Most of the in situ methods require the application of differential pressure to the reservoir, and for this reason it is generally conceded that for safe and effective operations with today's technology, the overburden should not be less than 500 feet. The study area is therefore confined to that portion of the Athabasca deposit buried to depths of more than 500 feet in the Bituminous Sands Area. This in situ area comprises about 3700 square miles and is about 64 percent of the Athabasca deposit within the Bituminous Sands Area. Some 2000 square miles of the Athabasca deposit, all of it buried deeper than 500 feet, lies outside the Bituminous Sands Area and is not considered in this report. In addition, that portion of the Athabasca deposit covered by 200 to 500 feet of overburden has not been included, although it may conceivably be developed by in situ methods at some future time.
Existing patents on in situ technology and extensive literature on secondary recovery of petroleum have been reviewed. It is clear that much of this technology cannot be transferred to the Athabasca deposit without considerable modification.
Our predictions, at this time, of the environmental effects of large scale in situ production are subject to some significant limitations. Firstly, there is no commercial production from in situ operations in the Bituminous Sands Area, and although some experimental work has been carried out by two oil companies with two of the most promising methods, factual data is scarce. Secondly, the area has until very recently been largely inaccessible and little factual data exists on the meteorology, hydrology, soils, vegetation and wildlife of the area. Current evaluations of the economic values of the renewable resources of the area were not available during the preparation of this report.

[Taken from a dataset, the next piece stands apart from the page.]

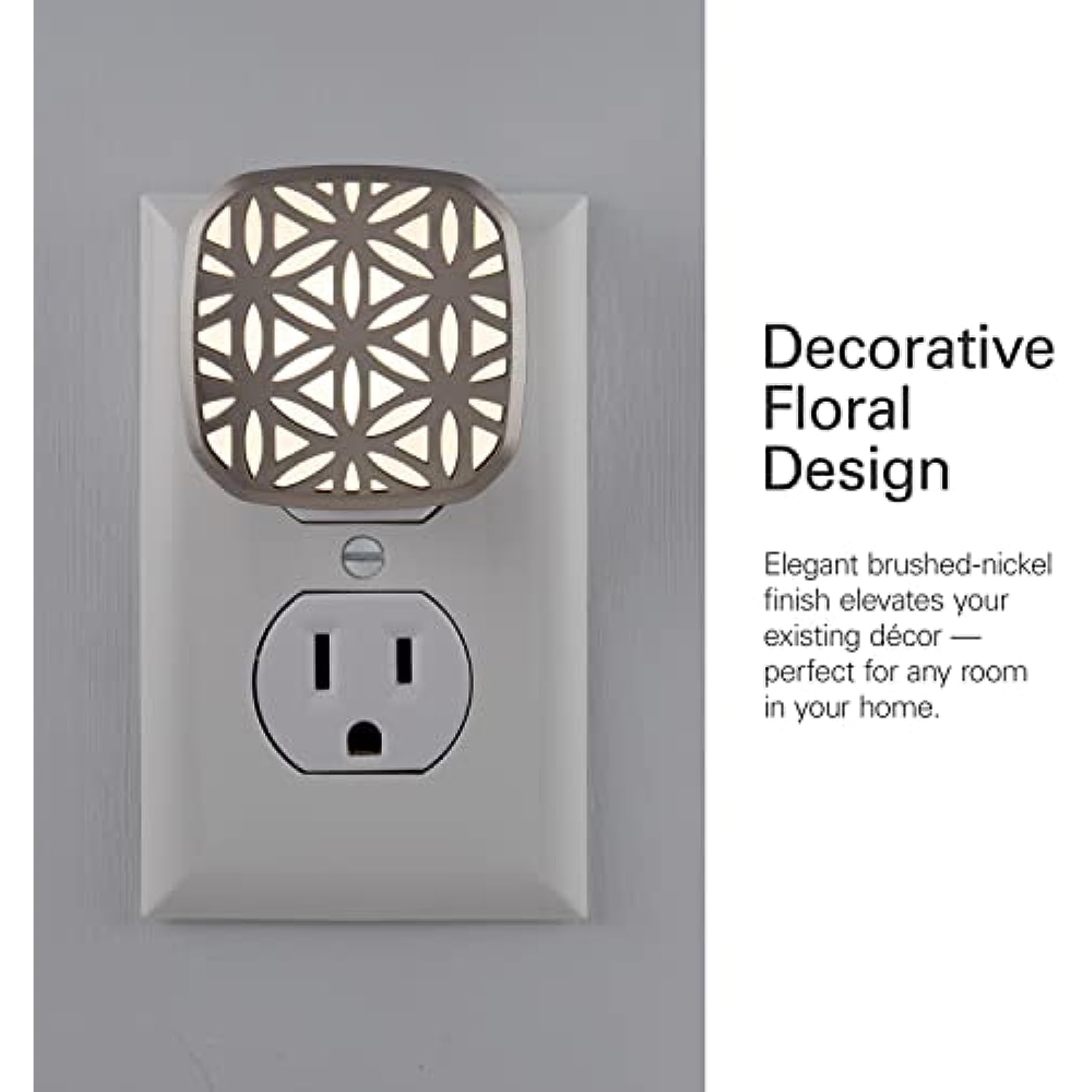 Brushed Nickel Flower Design Night Light With Plug-in, Dusk to Dawn Sensor

Within this context, we have proceeded to examine in a theoretical way those actions which we believe will have a significant effect on the environment in the Bituminous Sands Area should commercial in situ production begin.

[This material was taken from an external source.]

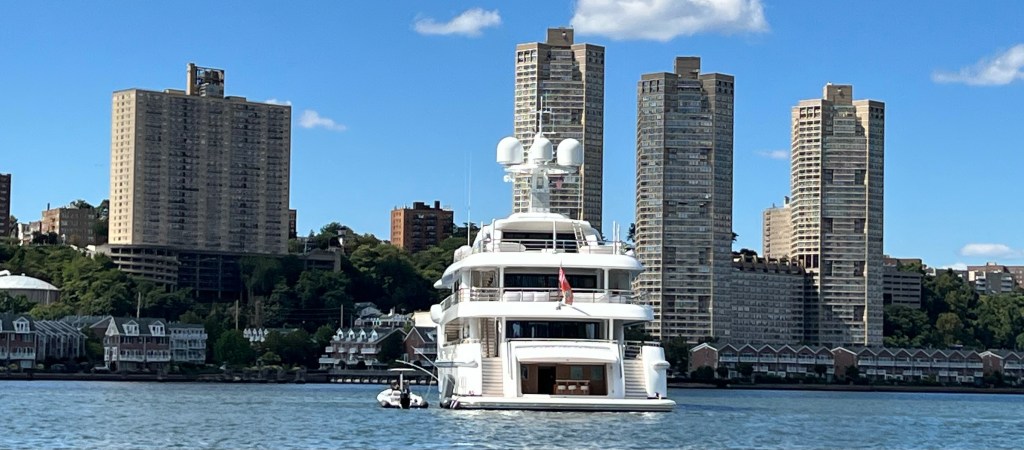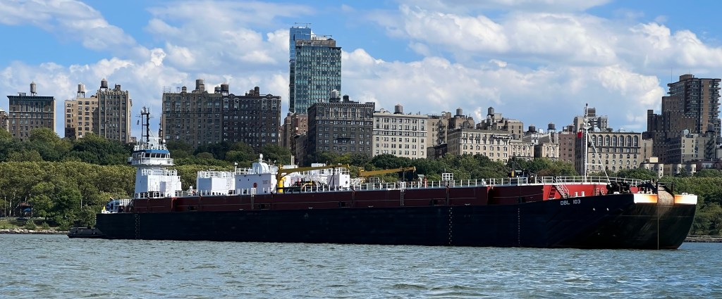 Tuesday and Wednesday brought moderate temperatures, and building westerly winds which made for great sailing up and down the river by Wednesday afternoon. Activity in the city and on the River was subdued in the run up to Labor Day weekend. A pair of Reinauer tugs and the Patrice McCalister were at anchor on the River Tuesday, and they were replaced by the Cape Henry, which came back to River after refueling at the Kirby dock on Staten Island and then spending some time in the Upper Bay. The super-yacht Neninka was back at anchor off 72nd Street after returning from Greenport, NY on the North Fork.

Shell Canada Limited and Muskeg Oil Company applied to the Energy Resources Conservation Board for permission to go into commercial or semi-commercial production, but both applications were subsequently withdrawn. The Shell Canada limited submission was based on a steam injection system for extraction and included data on upgrading the bitumen to a synthetic oil in two stages. The first stage processing was to take place at the production site and the final upgrading in Edmonton. The Muskeg oil company submission was concerned only with the production of the raw bitumen by a modified underground combustion method and did not include details of the bitumen upgrading phase; thus it is considered to be a semi-commercial venture. Because of these differences, it is difficult to make meaningful comparisons between the two systems. For example, in the Muskeg Oil Company application, details of the field gases are given because, in the absence of a processing plant, they will have to be flared or vented. In the Shell application, no field gas analyses are given because they enter the processing plant along with the steam and bitumen emulsion. Similarly, saline water produced along with the bitumen emulsion in the Muskeg Oil Company method has to be concentrated and disposed of before the bitumen is delivered to a distant processing plant, whereas in the Shell Canada Limited system, the saline water in the emulsion is diluted by process waters and ultimately discharged into the surface drainage system.
From our examination of these two applications for commercial and semi-commercial production by in situ methods, we believe the following major environmental impacts can be anticipated.
1. Air quality
2. Land clearing
3. Water consumption
4. Groundwater contamination
5. Liquid effluents